Stephen Howard,Jan Colley,Pa
Wednesday 25 January 2006 11:22 GMT

George Galloway - favourite for eviction from the Big Brother house - was spared a Big Bill today when the Daily Telegraph newspaper lost its appeal over a libel action.

If the newspaper had won the case at the Court of Appeal, the Respect MP would have faced a legal bill estimated at around £2 million and bankruptcy.

Mr Galloway has already admitted the sum would force him into bankruptcy.

But the Master of the Rolls, Sir Anthony Clarke, together with Lords Justices Chadwick and Laws, all dismissed the newspaper's argument that the 2003 story that the MP received money from Saddam Hussein's regime in Iraq was covered by qualified privilege.

The judges also agreed that the £150,000 damages awarded to the MP by High Court judge Mr Justice Eady in December 2004 should not be reduced.

"Given the seriousness of the key allegation Mr Galloway had taken money from Iraq for personal profit, we can see no basis upon which this court could interfere with the amount of damages."

James Price QC, representing the newspaper, had told the judges at the hearing last year that it was in the public interest to publish documents found by its foreign correspondent David Blair inside the Iraqi foreign ministry after the fall of Baghdad.

The newspaper was then entitled to comment and offer its own interpretation that the documents appeared to show he received money from Saddam Hussein's regime, said Mr Price.

He said the story, published in April 2003, was covered by privilege because it was "of truly global significance".
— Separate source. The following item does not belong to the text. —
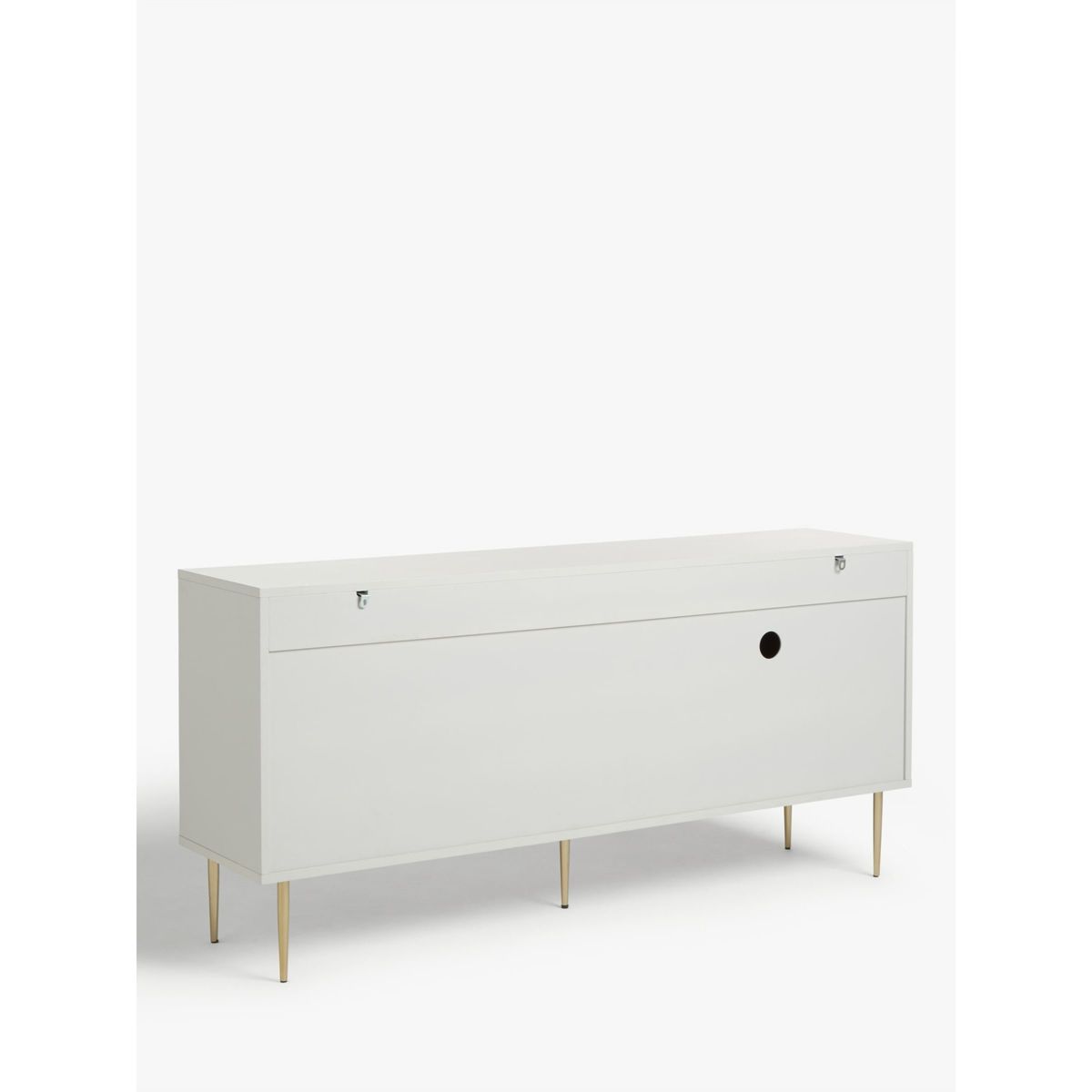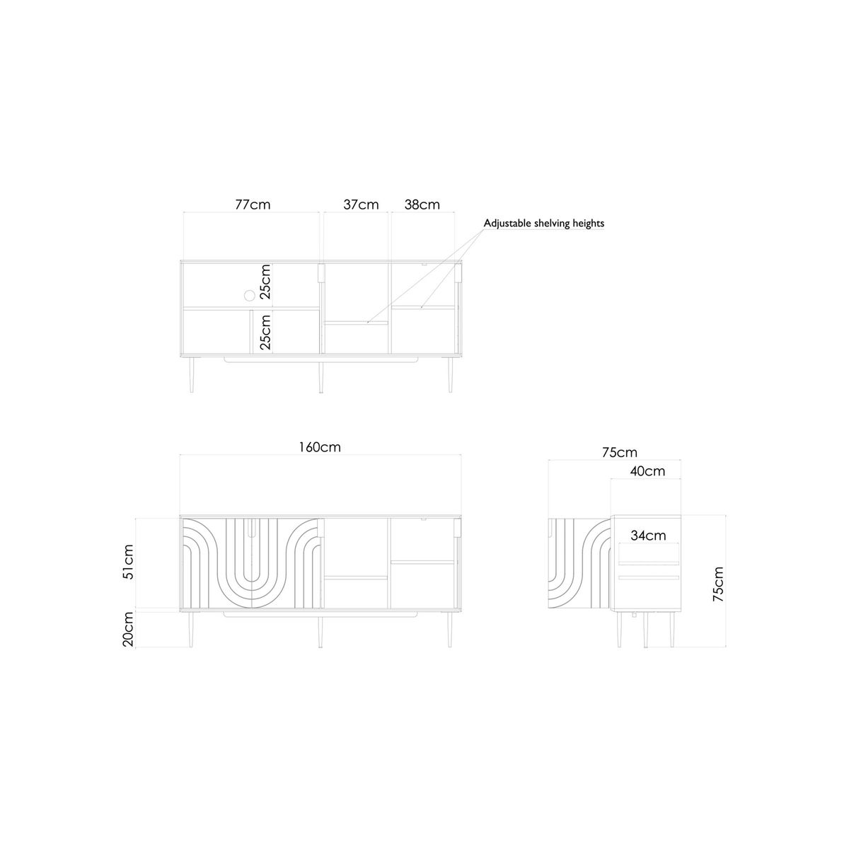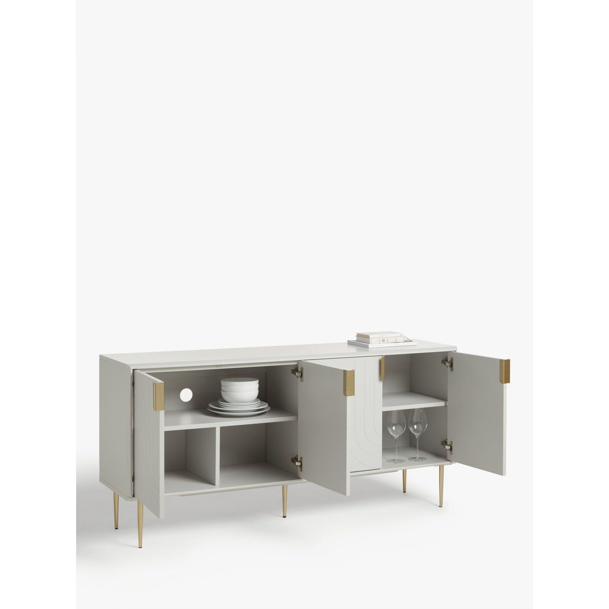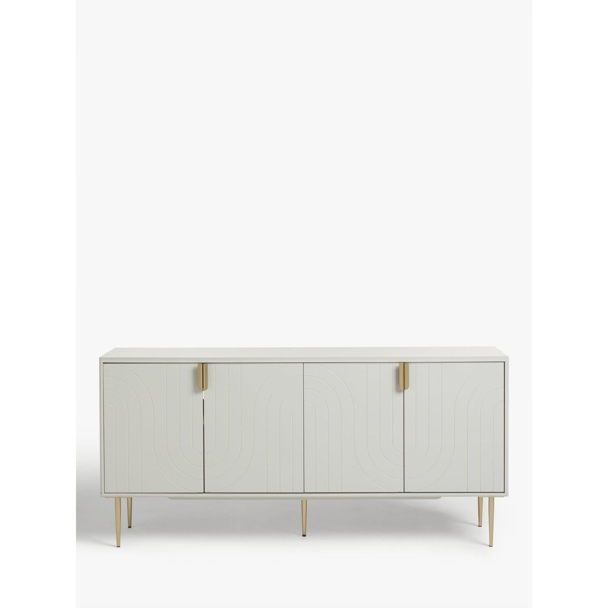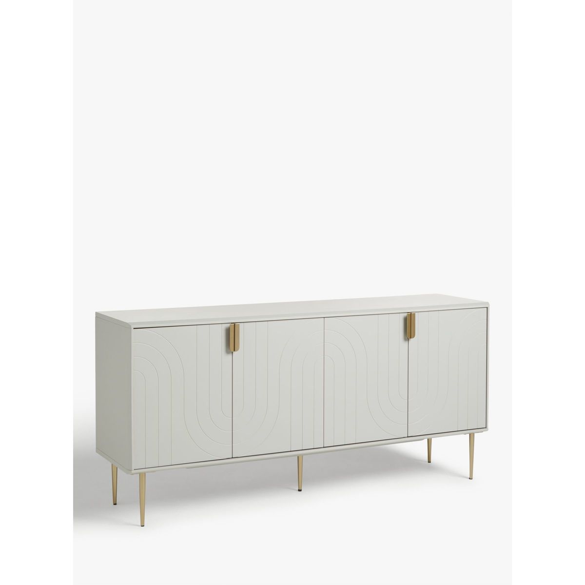 Our Havard range is made up of functional, high-quality products that fuse Art-Deco inspiration with modern geometric shapes. The smooth, matt painted finish of each piece is offset against the warm tone of its fine, gold painted hardware, while a grooved, fluid pattern to the front lends a contemporary detail. This 4 door sideboard is a practical and sophisticated storage option for your living room. Designed with internal shelving to keep your items organised, its clean lined profile and contrasting grooved doors are complemented with subtly tapered steel legs. Cable management holes to the back ensure unsightly console cables are neatly stored away, so you can use also use this sideboard as a TV stand.

It was in the public interest whether the documents were true or false, he said.

Mr Galloway, who represented Glasgow Kelvin for Labour, has always denied ever seeking or receiving money from Saddam Hussein.

He was expelled from the Labour Party for comments about the Iraq war and went on to win the Bethnal Green and Bow seat as leader of the anti-war Respect party, ousting Labour's Oona King.

The judges refused the newspaper permission to appeal to the House of Lords although it can petition the Lords direct.

Mr Price, for the Telegraph, said the case was "right at the leading edge" of the debate over freedom of expression as it involved an elected MP allegedly taking money from a hostile foreign government.

Richard Rampton QC, for Mr Galloway, said permission should be refused by the appeal judges as theirs was "one of the most unequivocally emphatic judgments" in this field of the law that he had ever come across.

The trial judge had been upheld on every single point, he said.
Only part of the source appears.